THE heroes of one of the most crucial campaigns of the Second World War could finally be recognised with a memorial for their sacrifices.

A sculpture is being planned in honour of the 50,000 Allied servicemen and merchant sailors who lost their lives in the Battle of the Atlantic.

The struggle to protect the convoys bringing vital supplies from the US to Europe was the longest campaign of the conflict, and Winston Churchill said it was ‘the dominating factor’ on which the war’s outcome depended.

Tomorrow an appeal will be launched to raise £2.5million to fund a 15-ton bronze sculpture on the waterfront in Liverpool, where Allied commanders in the battle were based.

The campaign’s chairman Vice Admiral Mike Gretton – whose father Vice Admiral Sir Peter Gretton served during the battle – said the memorial would be a chance to correct an oversight, 73 years after the last skirmishes.

He added: ‘Despite the immense significan­ce of the Battle of the Atlantic, it does not have a dedicated national memorial in Britain.

‘We believe that, as the veterans leave us, it is vital that we create a fitting memorial to the lion-hearted men and women who served.’

Records show a total of 3,500 merchant ships and 175 British warships were lost during the Battle of the Atlantic, which also resulted in the loss of more than 72,000 sailors.

Among the British losses was HMS Hood, built at John Brown’s shipyard in Clydebank, Dunbartons­hire.

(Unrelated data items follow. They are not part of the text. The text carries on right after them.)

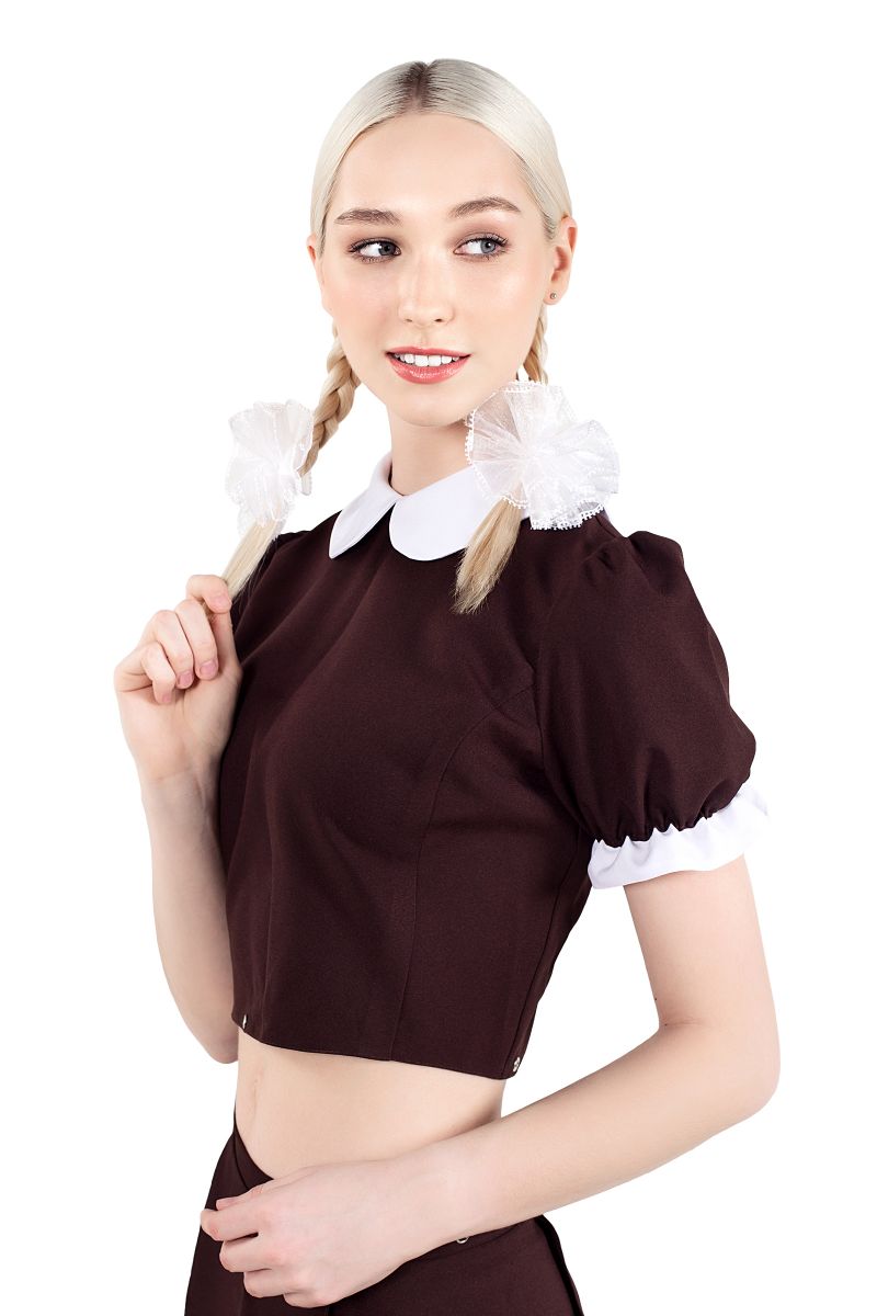 Верх костюма «русская школьница» создан для тех, кто хочет добавить в отношения страсть, игривость и яркие эмоции. Укороченный коричневый топ эффектно подчеркивает фигуру, открывает линию талии и создает притягательный силуэт. Открытая спина с треугольным вырезом добавляет образу дерзости и делает каждый поворот особенно впечатляющим.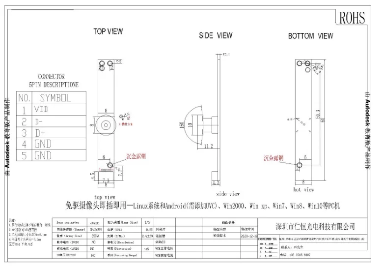 Custom OV2659 camera module 2 megapixel USB drive free camera module with built-in laptop all-in-one machine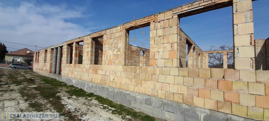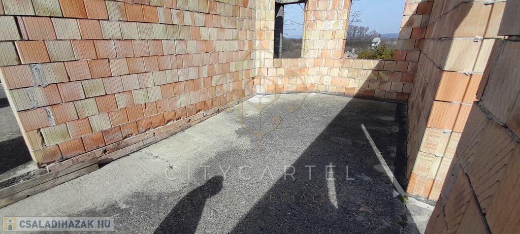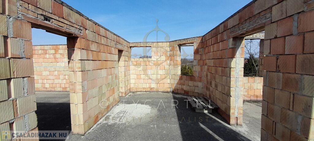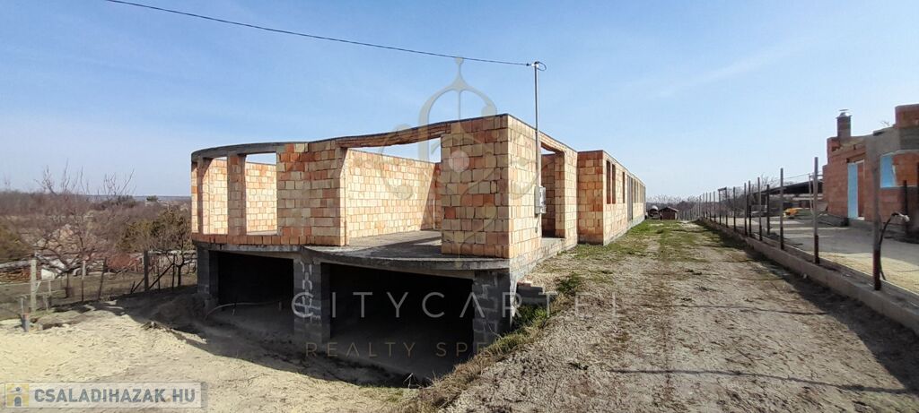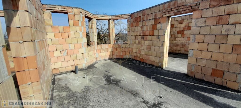 Eladó Pusztazámoron 1940nm-es telken lévő, bruttó 470 nm felépítmény + 250 nm garázs és tárolók, 30% készültségű panorámás ingatlan. Akár több lakás kialakítására is alkalmas. Az ikerház tervek most készülnek.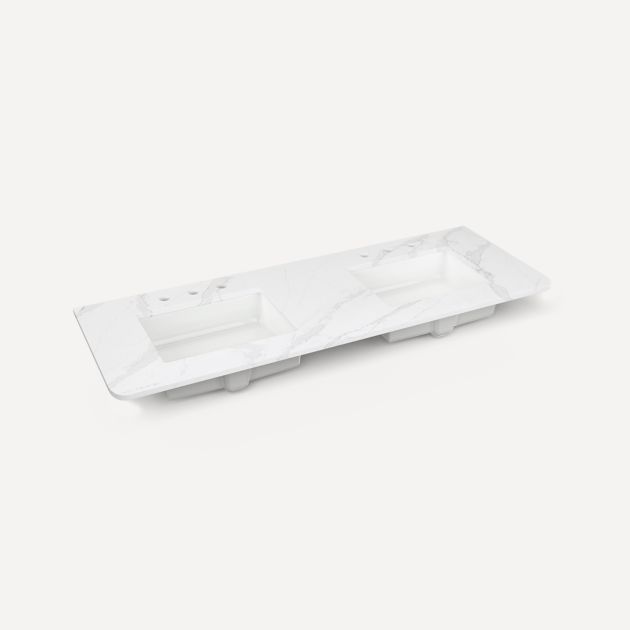 - Our quartz stone tops feature a white rectangular sink, with overflow, in an 1-1/8" thickness and mineral cast integrated sink with removable drain cover in 6" thickness.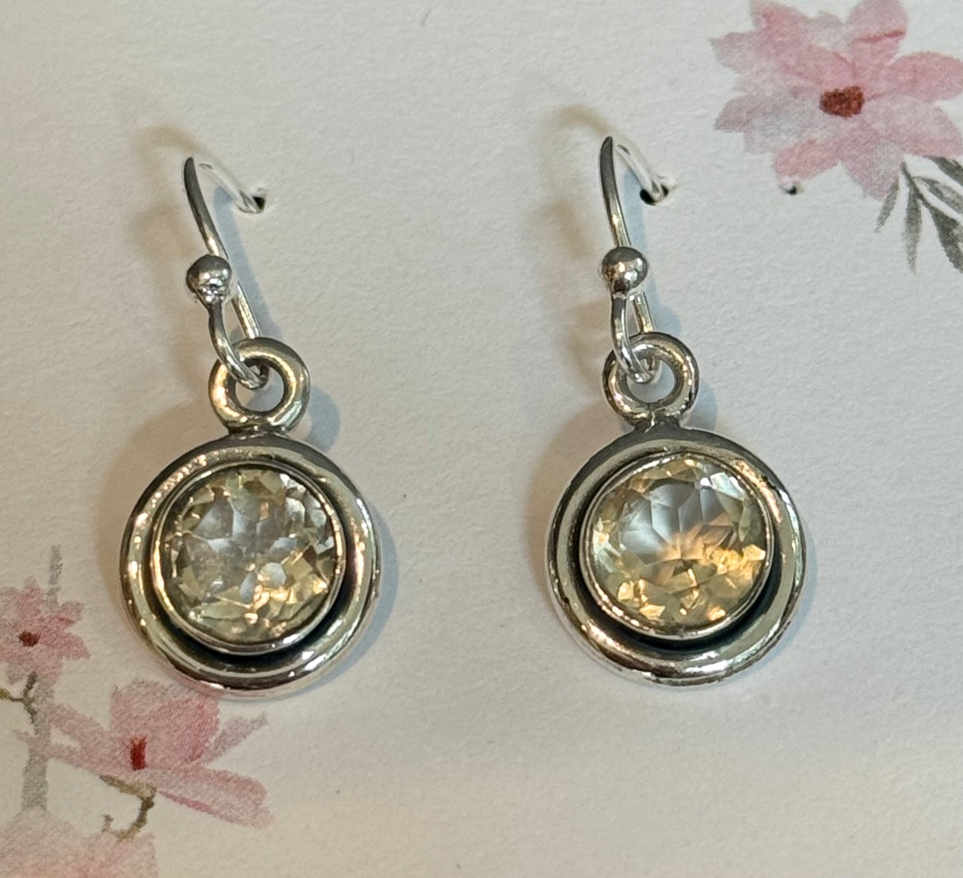 Sterling Silver Pale Citrine Dangle Earrings New. Natural gemstones will have variations.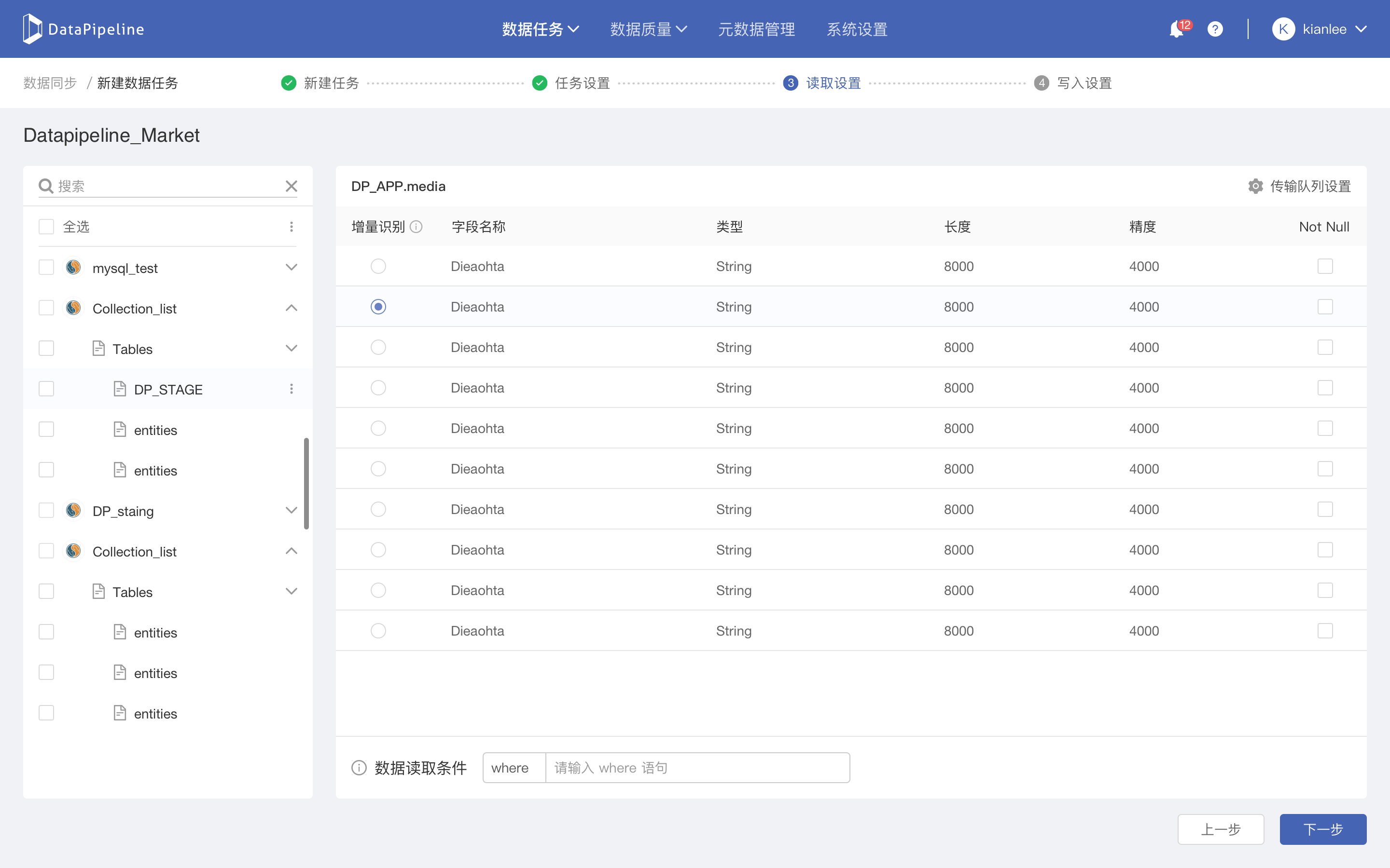 使用DataPipeline创建一项「数据同步」,主要分以下步骤: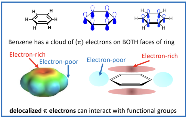 Benzene has delocalized p electrons which interact with functional groups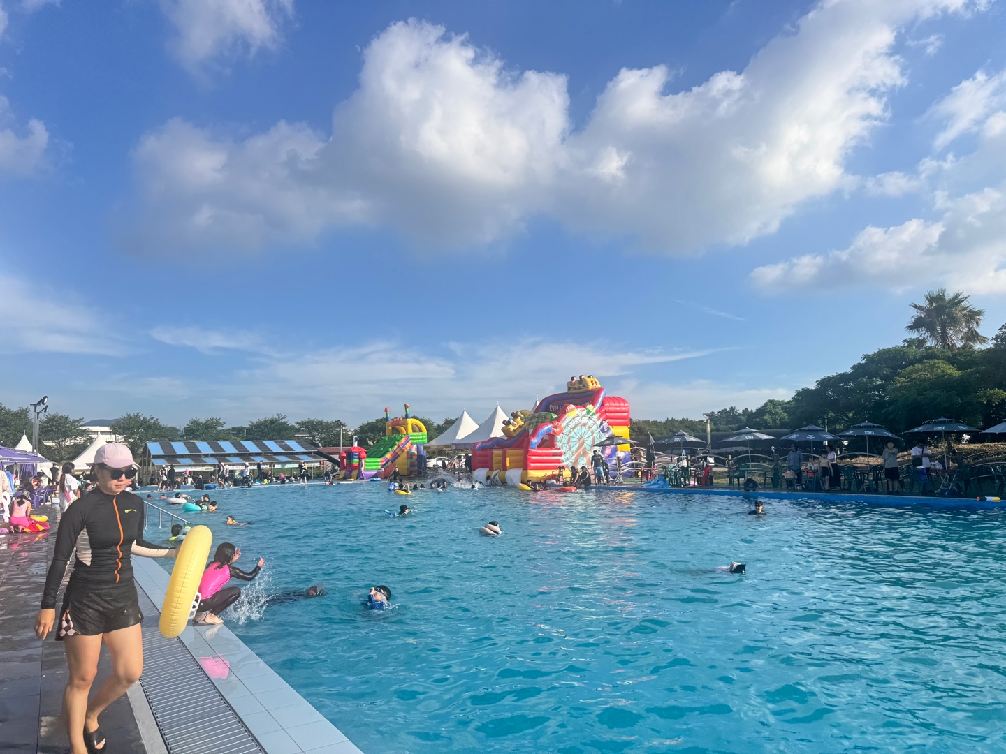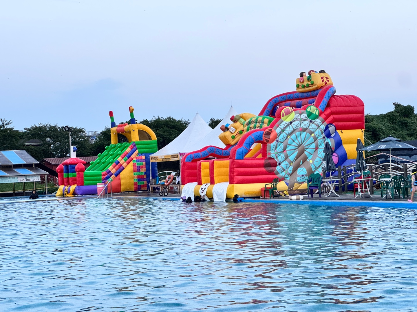 얕은 유아풀장과 에어바운스 미끄럼틀도 마련돼 있어 아이들이 즐겁게 놀 수 있어요.
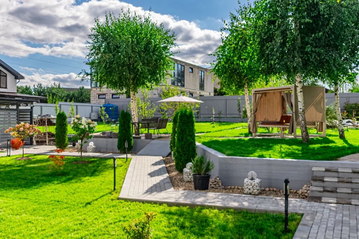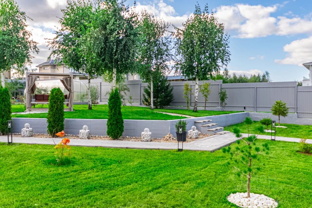 На участке растут хвойные деревья и плодовые растения: вишня, яблоки, черешня, слива, груша, голубика, малина, клубника, ежевика, черноплодная рябина, облепиха и шарафуга. Имеется теплица, двусторонний дренаж с насосом и сбором воды, а также заземление глубиной 15 метров. Для владельцев электромобилей предусмотрена зарядная станция.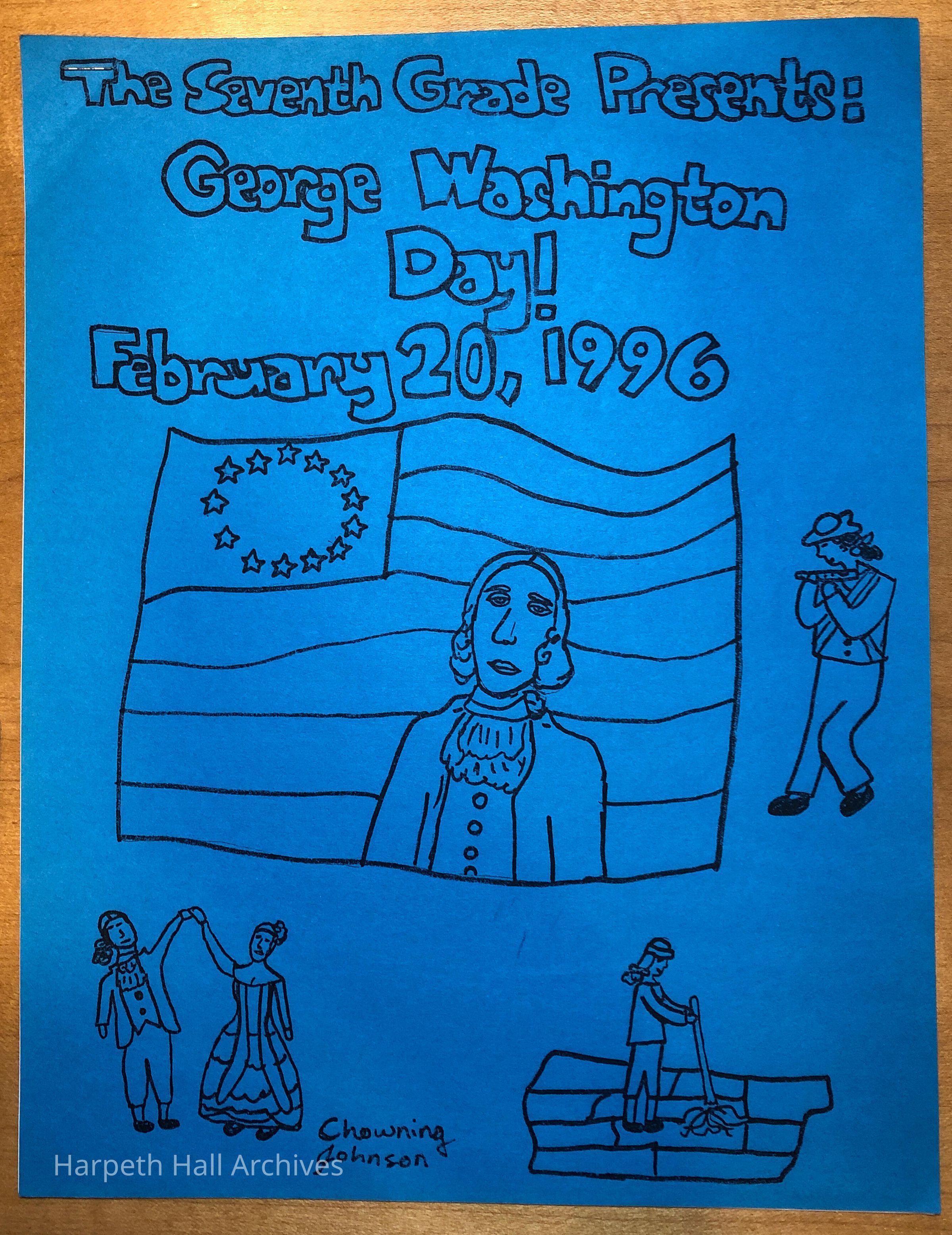 The 1996 program for the George Washington Day Celebration put on by the class of 2001 when they were in the seventh grade. The celebration was dedicated to Nina Tobin, George Washington Costume Designer. George Washington was played by eighth grader Allyson Foreman (2000) and Martha Washington was played by eighth grader Patricia "Tricia" McWilliams Ward (2000). Front cover design by Elizabeth "Chowning" Johnson (2001).Context

The vessel was sunk by the battleship Bismarck in the Denmark Strait between Iceland and Greenland in 1941. The statue is being designed by Paul Day, who created the Battle of Britain Monument on the Thames Embankment. His sculpture will remember those on both sides of the conflict, including U-boat submariner­s who perished.

Alec Owen, 93, who served in the Navy’s convoy escorts, told The Mail on Sunday that the memorial was crucial. Recalling one sinking, he said: ‘I can still see those people we left in the water. It’s difficult to explain the atrocities and what we went through.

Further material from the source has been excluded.